67. The method of any one of claims 64-66, wherein the cage protein comprises the cage protein of claim 47.

68. A method for designing a biosensor, cage protein, or key protein comprising the steps of any method described herein.

69. A nucleic acid encoding the cage protein or key protein of any of the preceding claims.

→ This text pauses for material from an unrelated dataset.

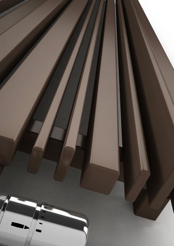 Перед нами - не формально называемый "дизайн-радиатором", а действительно имеющий право так называться объект - вертикальный радиатор водяного Terma Sherwood V 1300 x 330 мм. Состоящий из набора (конкретно для этого радиатора - из семи) вертикальных трубок разного профиля - квадратного и прямоугольного разных размеров, этот радиатор действительно напоминает могучий лес вдали. Мы предоставляем вам и вашему дизайнеру возможность окрасить этот радиатор в любые цвета, причем не только из палитры RAL, но и из дополнительных таблиц Terma, предлагающих почти три десятка вариантов светлых и темных тонов.

70. An expression vector comprising the nucleic acid of claim 69 operatively linked to a suitable control element, such as a promoter.

71. A cell comprising the cage protein, key protein, composition, nucleic acid, or expression vector of any preceding claim.

72. A pharmaceutical composition comprising the cage protein, key protein, composition, nucleic acid, expression vector, or cell of any preceding claim, and a pharmaceutically acceptable carrier.

73. An epitope, comprising or consisting of the amino acid sequence of SEQ ID NO: 27384

74. A method for detecting Troponin I in a sample, comprising contacting a biological sample with the epitope of claim 73 under conditions suitable to promote binding of Troponin I in the sample to the epitope to form a binding complex, and detecting binding complexes that demonstrate presence of Troponin I in the sample.